Copying system to new drive - pagefile problem

A

Alex Rast

I'm trying to move my installation over to a new, higher-capacity drive. So I:

Put the new drive in as a slave drive on the same IDE channel.
Partitioned the drive using Disk Manager in the old system.
Assigned drive letters to the new partitions
Booted into a second, bare-bones Win2K installation on the old drive.
Copied over the boot partition of the main Win2K installation on the old drive
onto the corresponding partition on the new drive.
Ran Win2K install to create the MBR on the new drive (I didn't install Win2K
itself over the copied Win2K installation.

Here's the problem. The copied Win2K installation boots, but at login it claims
that I have too small of a pagefile and then unceremoniously logs me
immediately out again. Looking at previous threads, the suggestion is that this
is generally caused by not giving system all rights to the %systemroot% drive.
I therefore made very sure to assign it explicit permissions, recopied, and
tried again. Still no luck.

Meanwhile the bare-bones Win2K system on the old drive I also managed to copy
onto the new drive and it boots without problems. So there's something else not
right with the main Win2K copy.
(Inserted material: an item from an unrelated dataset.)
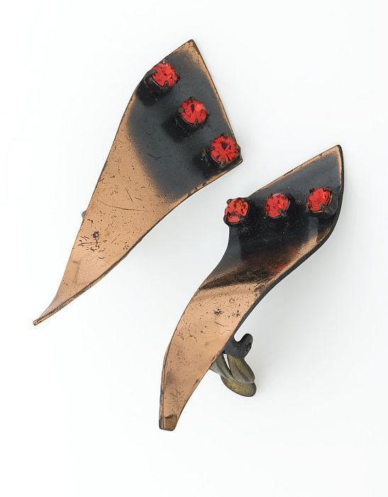 Driehoekige roodkoperen clips met rode strass-steentjes

Can anyone tell me what else might be wrong?
What do I need to do to get the main copy over successfully and boot?
Reinstalling the operating system is not an option.
 
P

Pegasus \(MVP\)

Alex Rast said:
I'm trying to move my installation over to a new, higher-capacity drive. So I:

Put the new drive in as a slave drive on the same IDE channel.
Partitioned the drive using Disk Manager in the old system.
Assigned drive letters to the new partitions
Booted into a second, bare-bones Win2K installation on the old drive.
Copied over the boot partition of the main Win2K installation on the old drive
onto the corresponding partition on the new drive.
Ran Win2K install to create the MBR on the new drive (I didn't install Win2K
itself over the copied Win2K installation.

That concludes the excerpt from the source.